Dan I., Sunday, 20 July 2003 18:58 (twenty-two years ago)

Was there already a thread like this? Oh, whatever.
And that you're not supposed to end a sentence with a proposition, leading you to make these crazy tangled incomprehensible sentences.
And that I should have used "one" instead of "you" in that last sentence.

Dan I., Sunday, 20 July 2003 19:01 (twenty-two years ago)

Oh and that one is supposed to use "his or her" instead of "their", when referring to a singular person of indefinite gender!

Dan I., Sunday, 20 July 2003 19:02 (twenty-two years ago)

dan the rule is actually slightly difft in US and UK — it is insanely more complicated in the UK in fact


mark s (mark s), Sunday, 20 July 2003 19:13 (twenty-two years ago)

How does it work in the UK? Actually, is there even a consistent U.S. style? Lots of places seem to use "his or her," which seems clunky and annoying. I'd vote for being old-fashioned and saying "one," but it often comes across as stilted, whereas "you" sometimes sounds much too chummy and unctuous.

Ann Sterzinger (Ann Sterzinger), Sunday, 20 July 2003 19:26 (twenty-two years ago)

not their for his and hers, that's wrong but too useful not to uuse: i mean the puncutation in or outside the quotemarks

mark s (mark s), Sunday, 20 July 2003 19:28 (twenty-two years ago)

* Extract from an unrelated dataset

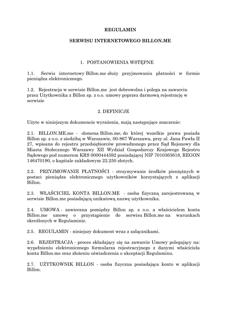 REGULAMIN SERWISU INTERNETOWEGO BILLON.ME 1. POSTANOWIENIA WSTĘPNE 1.1. Serwis internetowy Billon.me służy przyjmowaniu płatności w formie pieniądza elektronicznego. 1.2. Rejestracja w serwisie Billon.me jest dobrowolna i polega na zawarciu przez Użytkownika z Billon sp. z o.o. umowy poprzez darmową rejestrację w serwisie 2. DEFINICJE Użyte w niniejszym dokumencie wyrażenia, mają następujące znaczenie: 2.1. BILLON.ME.me - -domena Billon.me, do której wszelkie prawa posiada Billon sp. z o.o. z siedzibą w Warszawie, 00-867 Warszawa, przy al. Jana Pawła II 27, wpisana do rejestru przedsiębiorców prowadzonego przez Sąd Rejonowy dla Miasta Stołecznego Warszawy XII Wydział Gospodarczy Krajowego Rejestru Sądowego pod numerem KRS 0000444592 posiadającej NIP 7010363618, REGON 146470190, o kapitale zakładowym 22.250 złotych. 2.2. PRZYJMOWANIE PŁATNOŚCI - otrzymywanie środków pieniężnych w postaci pieniądza elektronicznego użytkowników korzystających z aplikacji Billon. 2.3. WŁAŚCICIEL KONTA BILLON.ME - osoba fizyczną zarejestrowaną w serwisie Billon.me posiadającą unikatową nazwę użytkownika. 2.4. UMOWA - zawierana pomiędzy Billon sp. z o.o. a właścicielem konta Billon.me umowę o przystąpienie do serwisu Billon.me na warunkach określonych w Regulaminie. 2.5. REGULAMIN - niniejszy dokument wraz z załącznikami. 2.6. REJESTRACJA - proces składający się na zawarcie Umowy polegający na: wypełnieniu elektronicznego formularza rejestracyjnego z danymi właściciela konta Billon.me oraz złożeniu oświadczenia o akceptacji Regulaminu. 2.7. UŻYTKOWNIK BILLON - osoba fizyczna posiadająca konto w aplikacji Billon. 2.8. SALDO –środki zgromadzone przez właściciela konta Billon.me, otrzymane od użytkowników aplikacji Billon po odjęciu prowizji pobranej przez Billon sp. z o.o. w Warszawie. 2.9. STRONA INTERNETOWA WŁAŚCICIEL KONTA BILLON.ME udostępniona przez Billon sp. z o.o. w Warszawie stronę internetową, która służy do dokonywania płatności na rzecz właściciela konta Billon.me przez użytkowników Billon. 3. REGULAMIN 3.1. Billon sp. z o.o. w Warszawie działa na zasadach określonych ustawie oraz w niniejszym Regulaminie. 3.2. Regulamin dostępny jest w postaci internetowym: URL Billon.me/regulamin.html. elektronicznej pod adresem 3.3. Billon sp. z o.o. w Warszawie udostępnia Regulamin przed zawarciem Umowy oraz umożliwia do niego dostęp przez cały okres obowiązywania Umowy w taki sposób, aby istniała możliwość jego przechowywania i odtwarzania w zwykłym toku czynności. 3.4. O każdej zmianie postanowień Regulaminu Właściciel konta Billon.me zostanie powiadomiony w drodze informacji przesłanej na adres poczty elektronicznej, wskazany w formularzu rejestracyjnym, a także przy logowaniu do Konta Właściciela konta Billon.me. Równocześnie zmieniony Regulamin zostanie opublikowany na stronie internetowehh Billon.me, o której mowapowyżej . 3.5. Zmiany Regulaminu wchodzą w życie w terminie 30 dni od ich ogłoszenia na stronie internetowej o której mowa powyżej. 3.6. Brak wypowiedzenia przez Właściciela Konata Billon.me. Umowy w terminie 14 dni od dnia ogłoszenia zmiany Regulaminu oznacza akceptację nowego Regulaminu. 4. ZAWARCIE UMOWY 4.1. Warunkiem uczestnictwa w serwisie Billon.me jest dokonanie Rejestracji. 4.2. Formularz Rejestracyjny internetowym: URL Billon.me/sign-up jest dostępny pod adresem 4.3. Umowę uważa się zawartą z chwilą otrzymania przez Właściciela Konta Billon.me wiadomości elektronicznej od serwisu Billon.me o poprawnym zakończeniu procesu rejestracji. 4.4. Dokonując Rejestracji Właściciela Konta Billon.me wyraża zgodę na: 4.4.1. otrzymywanie na adres poczty elektronicznej Właściciela Konta Billon.me informacji dotyczących Billon.me; 4.4.2. otrzymywanie na adres poczty elektronicznej Właściciela Konta Billon.me informacji handlowych w rozumieniu ustawy o świadczeniu usług drogą elektroniczną; 4.4.3. przetwarzanie przez BILLON sp. z o.o. w Warszawie danych osobowych objętych Formularzem Rejestracyjnym. 4.5. Billon sp. z o.o. w Warszawie uprawniona jest do zażądania od Właściciela Konta Billon.me dodatkowych dokumentów potwierdzających w szczególności jego wiek, status oraz dane teleadresowe. Brak zastosowania się przez Właściciela konta Billon.me do wezwania uprawnia Billon sp. z o.o. w Warszawie do zawieszenia udziału w serwisie internetowym Billon.me. Negatywna weryfikacja danych uprawnia do rozwiązania przez Billon sp. z o.o. w Warszawie Umowy ze skutkiem natychmiastowym. 5. PRAWA, OBOWIĄZKI I ODPOWIEDZIALNOŚĆ BILLON SP. Z O.O. W WARSZAWIE 5.1. Billon sp. z o.o. w Warszawie udostępnia Właścicielowi Konta Billon.me technologię oraz niezbędne informacje do prawidłowego działania usługi. 5.2. Billon sp. z o.o. w Warszawie nie ponosi odpowiedzialności za: 5.2.1. szkody powstałe w wyniku działania lub zaniechania osób trzecich, za które nie odpowiada, 5.2.2. wadliwe działanie urządzeń lub systemów (np. teleinformatycznych), 5.2.3. działanie siły wyższej lub innych czynników niezależnych od Billon sp. z o.o. w Warszawie, 5.2.4. działania lub zaniechania Użytkowników, w tym wysyłane przez nich oferty oraz świadczone usługi, 5.2.5. nieosiągnięcie przez Właściciela Konta Billon.me zakładanych zysków z tytułu uczestnictwa w Billon.me, 5.3. Billon sp. z o.o. w Warszawie uprawniona jest do rozwiązania Umowy ze skutkiem natychmiastowym w przypadku podejmowania przez Właściciela Konta Billon.me czynności naruszających przepisy prawa, dobre obyczaje, interesy Billon sp. z o.o. w Warszawie BILLON sp. z o.o. lub osób trzecich, a także w przypadku podejmowania działań lub występowania treści o których mowa w załączniku nr 1 do Regulaminu. 5.4. Billon sp. z o.o. w Warszawie dokonywać będzie aktualizacji Usług i podejmować działania zmierzające do aktualizacji kodów na Stronach Internetowych Właściciela kon

I think that quoted punctuation sort of depends on how much is being quoted. I'd write: 'The word he used was "never".' I would also write 'He said "I would never do that."' If the quoted part needs a final mark, put it in and don't put another unless it is needed - as in 'Did he say "I would never do that"?' There I would be uneasy about omitting the period in the quoted sentence, but it would look too hideous to include it.

haha, "you're not supposed to end a sentence with a proposition" is a great typo. People do say that you shouldn't end a sentence with a preposition, but ignore them. Sometimes that "of which" kind of construction is too far from what it relates to, and is grotesque. Try both versions out in your mind - and if neither work, recast the sentence.

Martin Skidmore (Martin Skidmore), Sunday, 20 July 2003 19:37 (twenty-two years ago)

Oh, the punctuation. It looks wrong to me no matter which way you do it, so I usually chicken out and rewrite.

Ann Sterzinger (Ann Sterzinger), Sunday, 20 July 2003 19:44 (twenty-two years ago)

Ending a quote with a comma (that doesn't belong to the quote) inside the quotation marks, then going on to finish the sentence seems weird and wrong to me but I am told it is the 'correct' US style. Who decided this nonsense?

N. (nickdastoor), Sunday, 20 July 2003 19:52 (twenty-two years ago)

Oh and that one is supposed to use "his or her" instead of "their", when referring to a singular person of indefinite gender!

I use "their" all the time, myself, in this circumstance. As mark said, it's too useful a word for the situation, and unless I'm mistaken it's the way they do it in some other languages as well. (I seem to recall that German does this.)

Sean Carruthers (SeanC), Sunday, 20 July 2003 19:57 (twenty-two years ago)

'His/her' is appalling and to be avoided at all costs unless you need to sacrifice style for legalistic unambiguity.

N. (nickdastoor), Sunday, 20 July 2003 19:59 (twenty-two years ago)

hear hear

Ann Sterzinger (Ann Sterzinger), Sunday, 20 July 2003 20:05 (twenty-two years ago)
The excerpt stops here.